The law requires carriers to provide invoices that lay out the allowed free time and other metrics that would make it easier for shippers to see when they’ve been unreasonably charged. Ocean carriers say detention and demurrage are necessary tools to encourage the flow of goods, arguing new regulations could exacerbate congestion and inject new complexities into the industry.
“Those tools may effectively be lost,” said John Butler of the World Shipping Council, which represents the world’s largest containership operators. “And if that’s the case, then we end up with more congestion, not less congestion. And of course that’s worse for everybody, but especially for shippers.”
Impact will depend on enforcement
Whether the law will lead to substantial changes within the shipping industry depends on how it’s ultimately enforced by the FMC. Shippers have noted that the agency has been reluctant to enforce measures against carriers in the past, and even the agency acknowledges that its limited budget and workforce has hindered its ability to regulate the industry.

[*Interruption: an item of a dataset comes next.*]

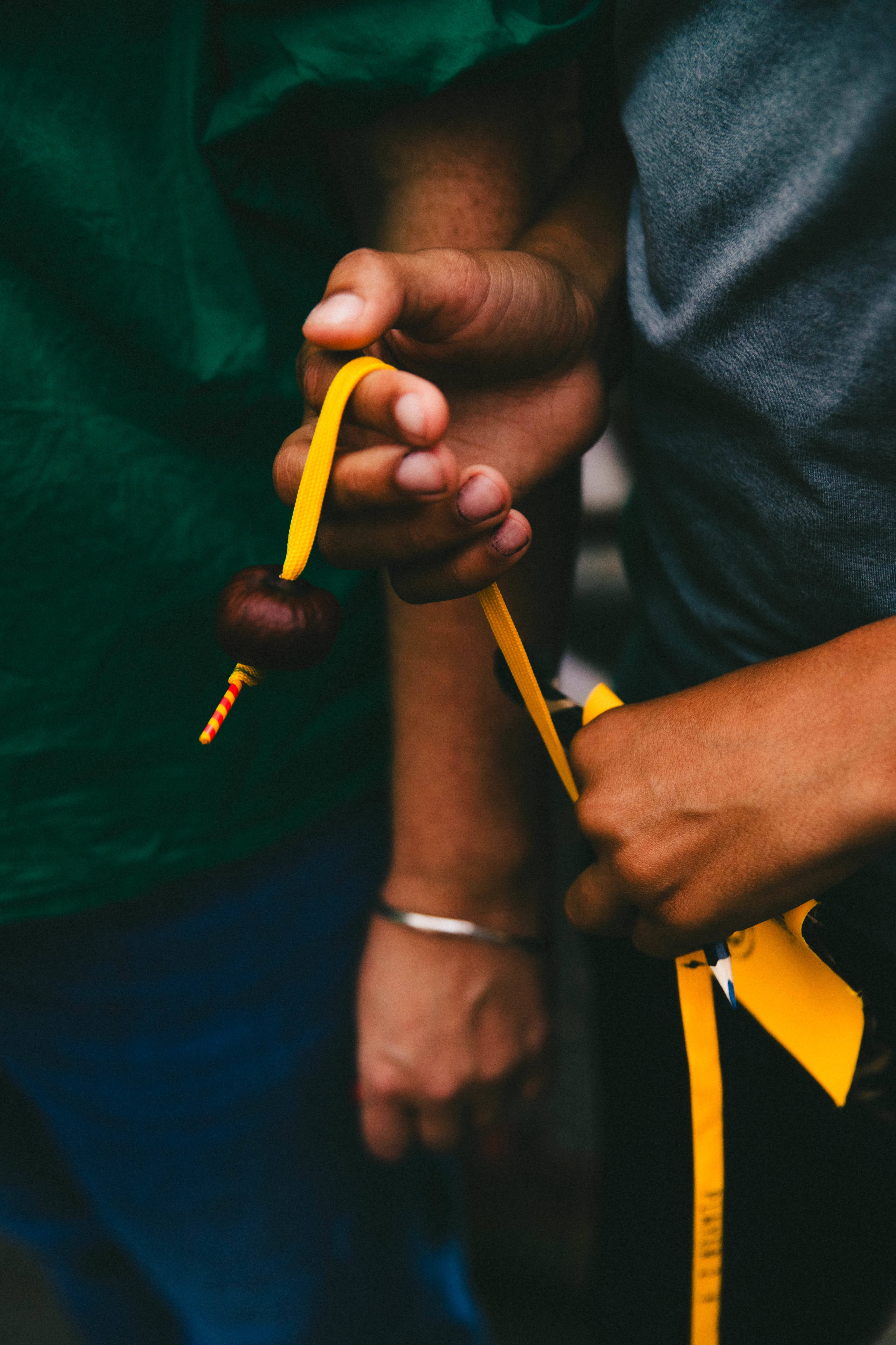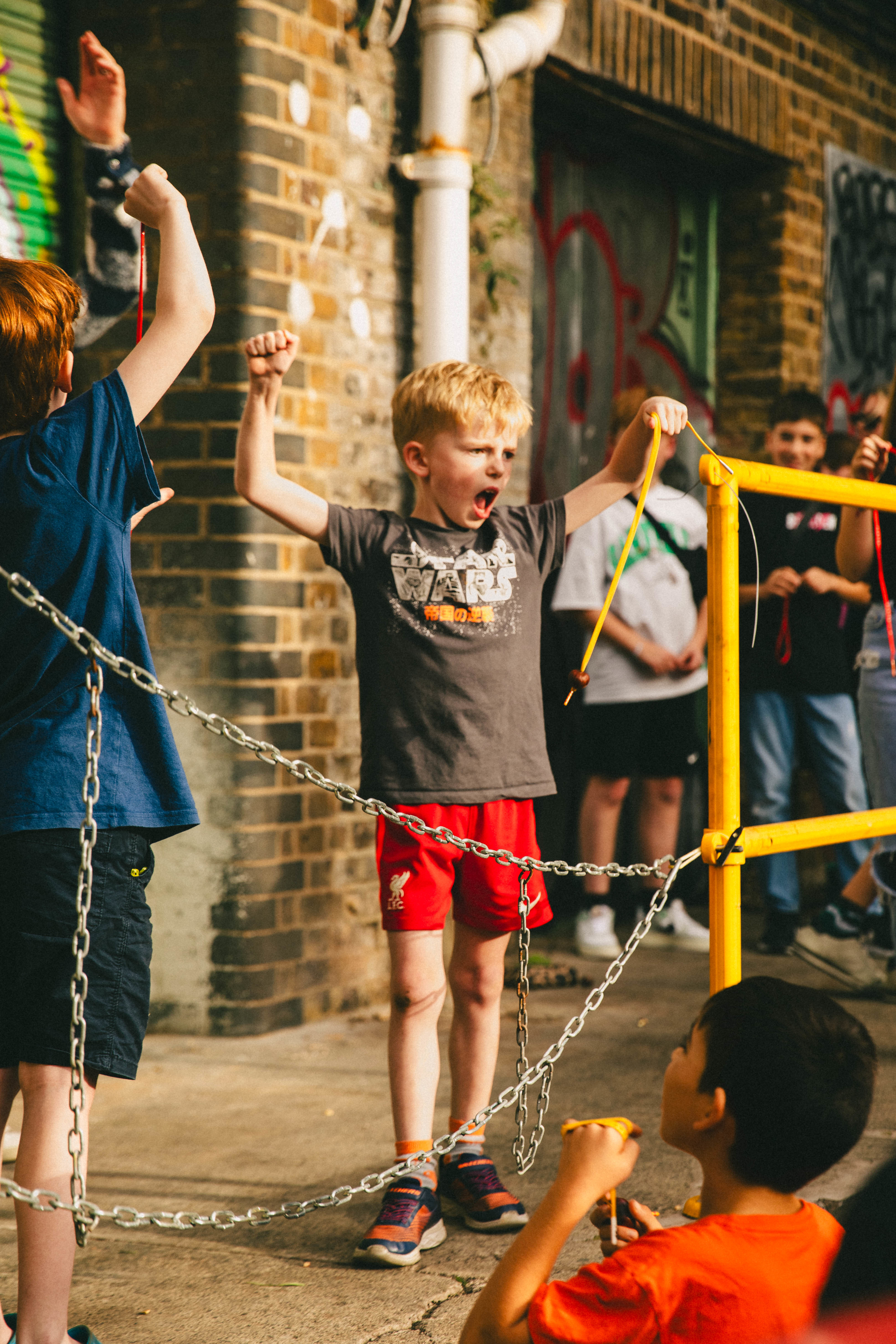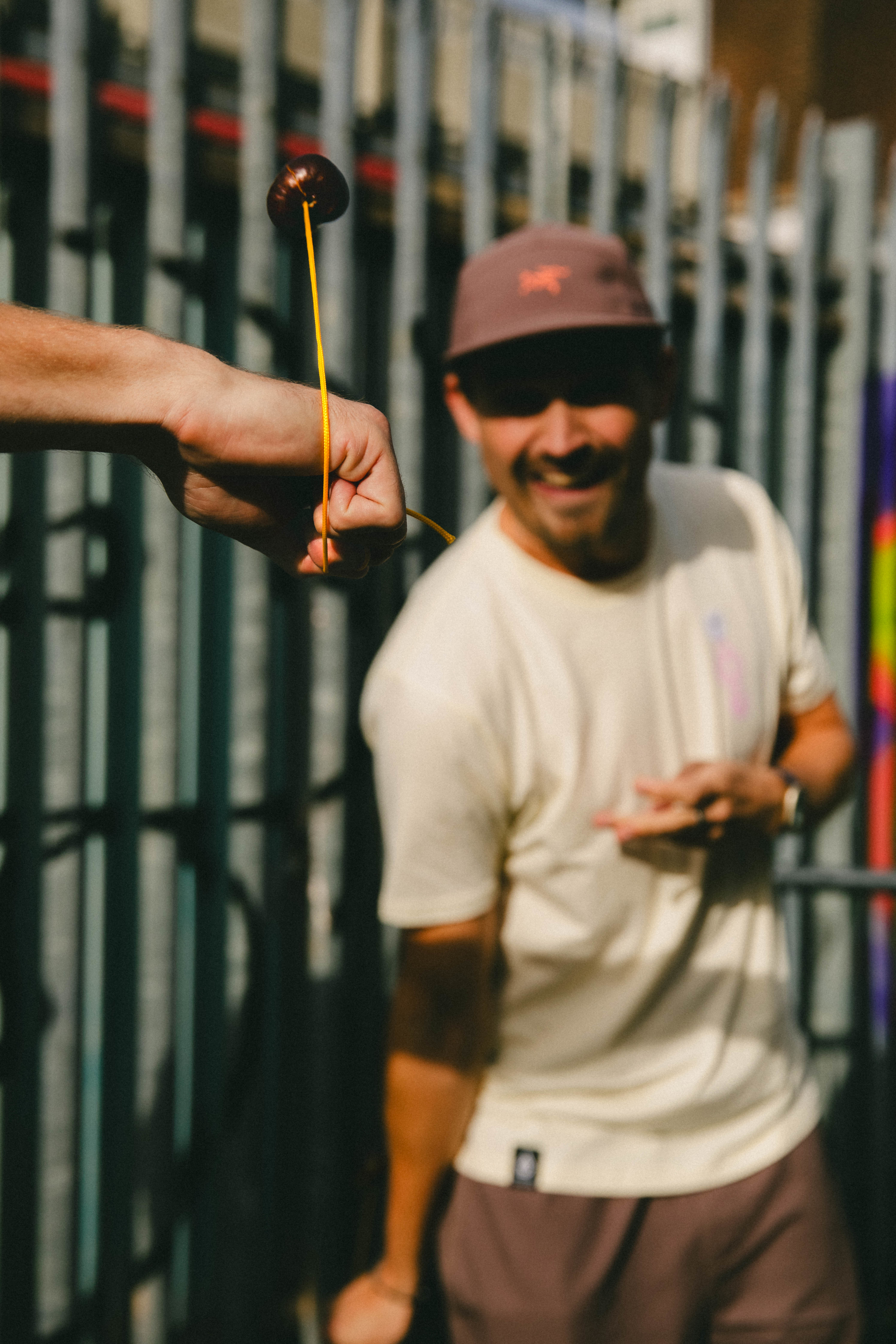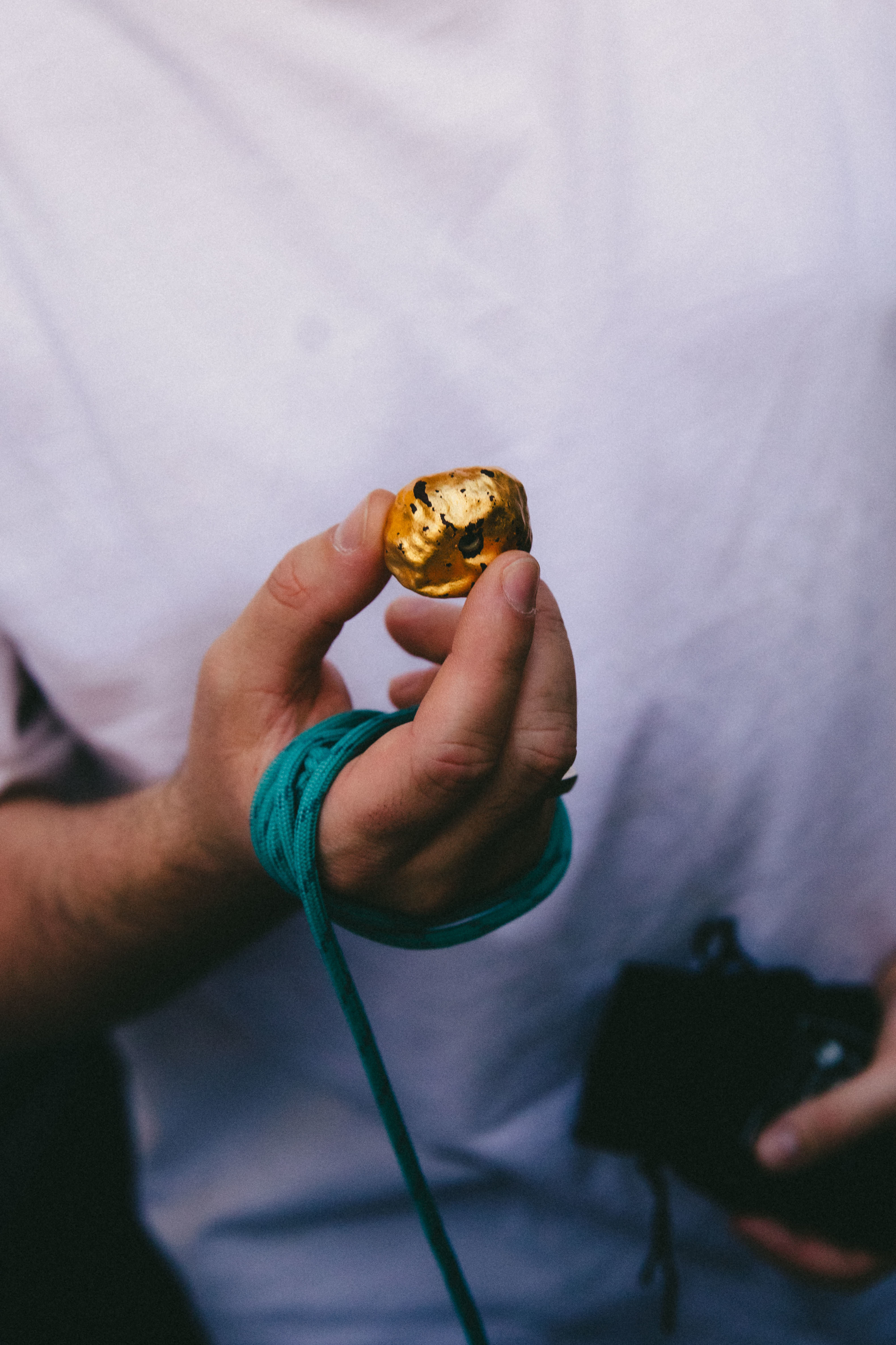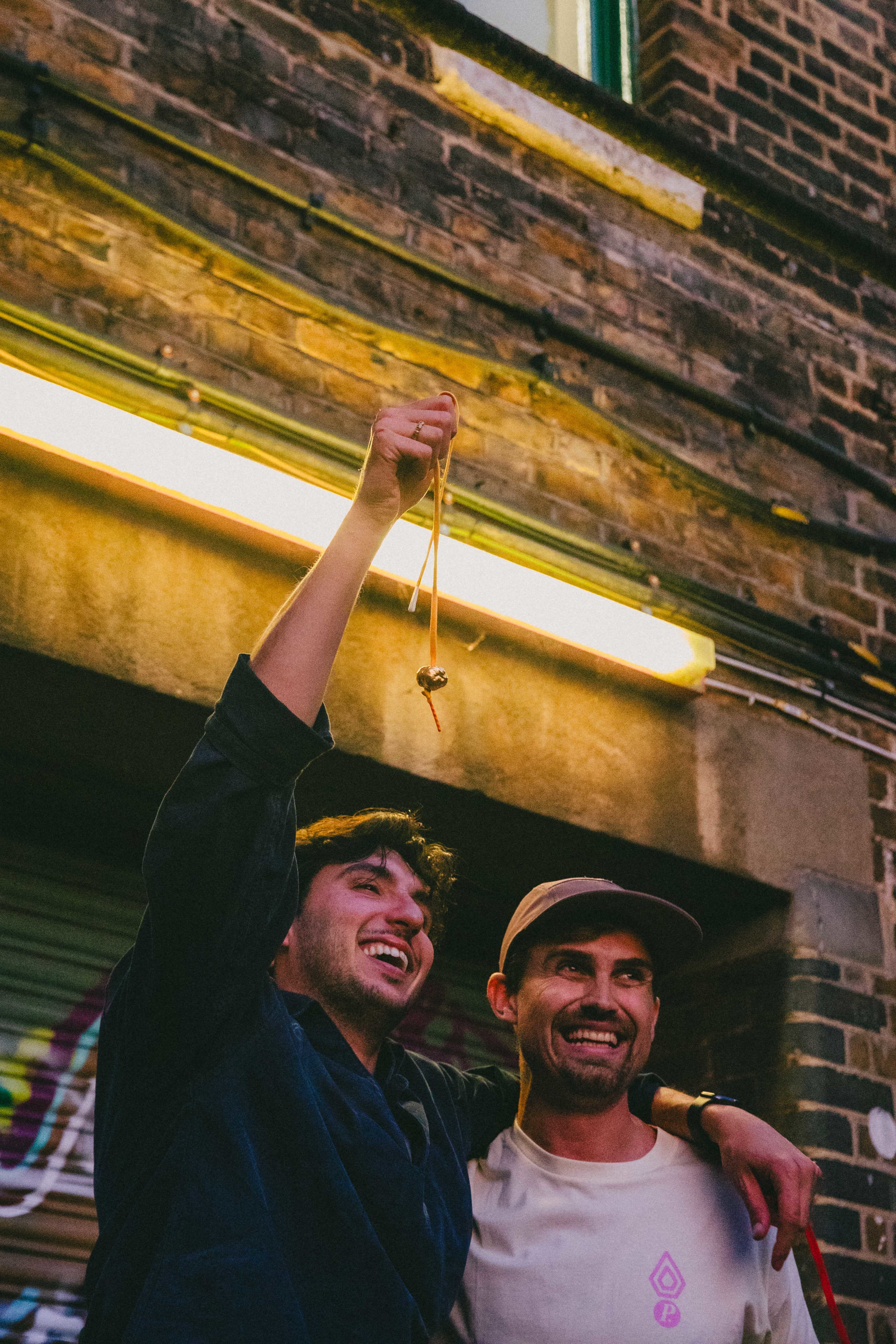 Swing after swing is swung but Pietro has no hits on target. Finn is frustrated, striking Pietro’s nut every time without an all-important break. After several minutes, and maybe twenty swings, the crowd chants for a “nut inspection” to analyse any cracks which may have appeared on either man’s apparatus. But, in the end, the victory comes down to brute force. Strings tangle once again. Finn’s knot flies apart and Pietro — poised and ready — stamps his way to victory. The crowd passionately applauds. Chris runs towards him proudly, golden nut in hand. Life-changing kudos is in the air as the sun sets over the arches.

The FMC oversees every mode of transportation from the moment a shipment is loaded in a container to when it arrives at its final destination. But despite having oversight responsibility for an estimated $6 trillion in economic activity, it continues to work with limited resources, according to Bentzel.
The FMC had a $30.3 million budget in FY 2021 and the agency said in its budget request it has been unable to meet its desired staffing level of 128 permanent, full-time positions. Bentzel said the lack of resources has been “the real challenge” in regulating the shipping industry in a time of supply chain chaos.
“We have one investigator for every trillion dollars of commerce,” said Bentzel. “The SEC, for every trillion dollars of securities and financial instruments that they regulate, [has] about 150 investigators.”
The Ocean Shipping Reform Act earmarks millions of dollars in funding for the FMC to carry out rulemaking and investigations associated with the law. The legislation includes approximately $32.9 million for FY2022, an amount that will increase to $49.2 million in FY2025.
Beyond more funding, the law also ensures that the FMC more heavily regulates areas in which shippers say the agency’s been slow to act. In some cases, the law compels the FMC to issue rulemaking on subjects the agency has already provided guidance, but no rules.
For example, the Ocean Shipping Reform Act requires the FMC issue rulemaking within 45 days “further defining prohibited practices by common carriers” in regards to demurrage fees. The FMC already issued recommendations on what is considered reasonable demurrage charges in 2019, but stopped short of issuing a requirement.
Bentzel said the law is largely in line with steps the agency is already taking to address demurrage. The FMC began “doing audits of all ocean carriers” in regards to their demurrage and detention practices last July, a process that helped lead to a $2 million fine against Hapag Lloyd.
Shippers expect the new law will not fix many of the structural issues they see in the industry, such as high rates and a lack of competition. Still, they acknowledged any legislative change is welcome in an industry that hasn’t seen major regulatory updates since the Ocean Shipping Reform Act of 1998.
“Is it going to be a silver bullet? No, it’s going to be completely contingent in the enactment of it,” said Aubrey Bettencourt, president and CEO of the Almond Alliance, which represents California’s almond industry. “It has great merits to modernize the FMC. But then it’s up to us to get the FMC to actually flex and utilize that authority.”